Combarro
"Combarro ressemble à un endroit qu'un peintre a inventé puis oublié de recouvrir."
Il y a un moment, en arrivant à Combarro depuis la route principale, où le vieux village apparaît en contrebas et où l’on se demande sincèrement si quelqu’un l’a préservé spécifiquement pour que les photographes se sentent accomplis. Les hórreos — greniers à grains en granit construits sur des pattes en pierre en forme de champignon pour tenir les rats à l’écart et faire circuler l’air — bordent le front de mer de la Ría de Pontevedra en une rangée qui semble trop composée, trop immobile, trop parfaitement reflétée dans l’eau à marée basse.

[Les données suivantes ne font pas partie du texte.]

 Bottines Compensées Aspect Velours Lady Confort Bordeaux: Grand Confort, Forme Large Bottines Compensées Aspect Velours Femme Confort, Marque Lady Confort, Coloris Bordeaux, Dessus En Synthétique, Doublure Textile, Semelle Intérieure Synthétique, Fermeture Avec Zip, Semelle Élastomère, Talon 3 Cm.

Puis on s’approche et l’on réalise que la pierre a six cents ans, que la rouille sur les croix de fer au sommet de chaque grenier est authentique, et que les chats qui dorment sur les murs ne savent pas et ne se soucient pas d’être pittoresques.
Je suis arrivé en fin d’après-midi un jour de semaine en octobre, ce qui signifiait que le village était presque entièrement à moi. Combarro est une étape sur le circuit touristique des Rías Baixas et attire de vraies foules en été, mais hors saison il redevient un lieu vivant plutôt qu’un décor. Une vieille femme étendait son linge entre deux hórreos — pas pour l’effet, simplement parce que c’est là qu’était la corde. Un homme réparait un filet de pêche sur une marche de pierre polie par des siècles du même geste. Le café au bout du front de mer vendait de l’albariño au verre et de l’empanada de thon à la tranche, et la femme derrière le bar m’a parlé en galicien jusqu’à ce que je réponde en espagnol, moment auquel elle a basculé, sans commentaire, vers un espagnol qui avait encore une forte musique galicienne.

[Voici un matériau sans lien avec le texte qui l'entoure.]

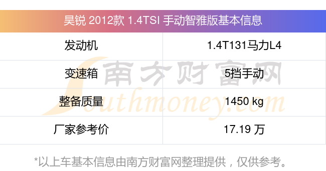昊銳 2012款 1.4TSI 手動(dòng)智雅版搭載了一臺(tái)1.4T131馬力L4渦輪增壓發(fā)動(dòng)機(jī),采用5擋手動(dòng)擋變速箱,常規(guī)整備質(zhì)量1450kg,廠家參考價(jià)17.19萬元。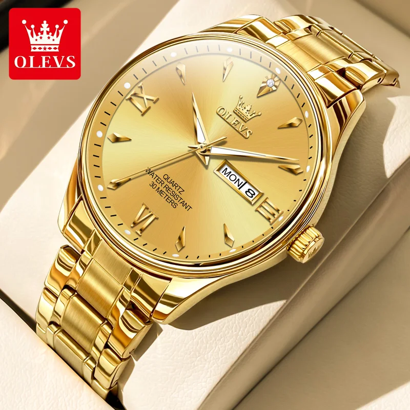 OLEVS 9806 montres classiques pour hommes échelle romaine Date semaine en acier inoxydable af...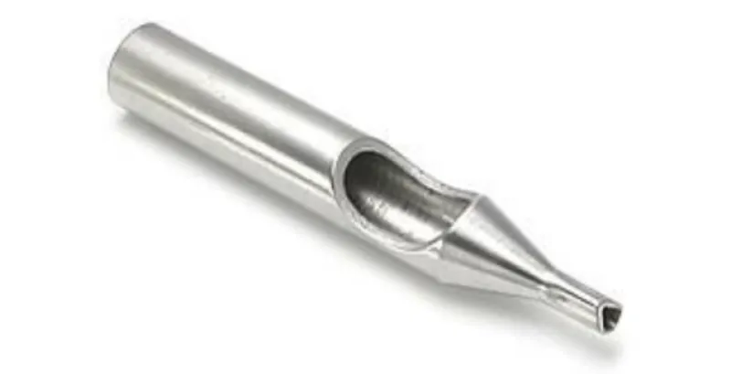 Металният накрайник е изработен от неръждаема стомана и за разлика от пластмасовите, може да се стерилизира и използва повторно. Металните накрайници DT се използват в комбинация с кръгли игли Roud Liner и Roud Shader.

Les hórreos sont l’attraction principale, mais les rues derrière sont tout aussi remarquables. Le vieux quartier de Combarro est construit sur une pente au-dessus de la ría, ses ruelles si étroites que deux personnes marchant côte à côte doivent se mettre de côté pour se croiser. La pierre est le granit gris doré que la Galice utilise pour tout — les bâtiments, les murs, les pavés, les cruceiros (croix de chemin), les tours d’église. Après quelques jours dans la région, on commence à penser en granit, à le voir comme l’élément dont la culture galicienne est le plus fondamentalement faite. À Combarro, la densité de vieille pierre est si élevée qu’on a l’impression que le village n’a pas été construit mais plutôt trouvé, déjà formé, dans la colline.

La ría elle-même est peu profonde ici et la marée fait une différence significative dans l’apparence du village. À marée haute, l’eau monte jusqu’à la base des hórreos et les reflets sont parfaits. À marée basse, les vasières exposent les bancs de palourdes que les locaux travaillent encore avec des râteaux à long manche, pliés en deux sous le mince soleil de janvier. J’ai regardé une femme travailler l’un de ces bancs pendant vingt minutes, méthodique et absolument sans hâte, remplissant un seau que je pouvais à peine porter. Elle m’a fait signe de la main quand elle m’a vu regarder, puis elle a repris son râtelage comme si je n’avais jamais été là.
Quand y aller : D’octobre à mai pour un vrai calme et le village dans son état actif. Juin et septembre sont beaux avec des foules gérables. En juillet et août le village se remplit de visiteurs et les voitures encombrent la route d’accès — l’endroit en vaut toujours la peine, mais on le partage. La lumière sur la ría est la plus belle dans l’heure avant le coucher du soleil par une claire journée d’automne.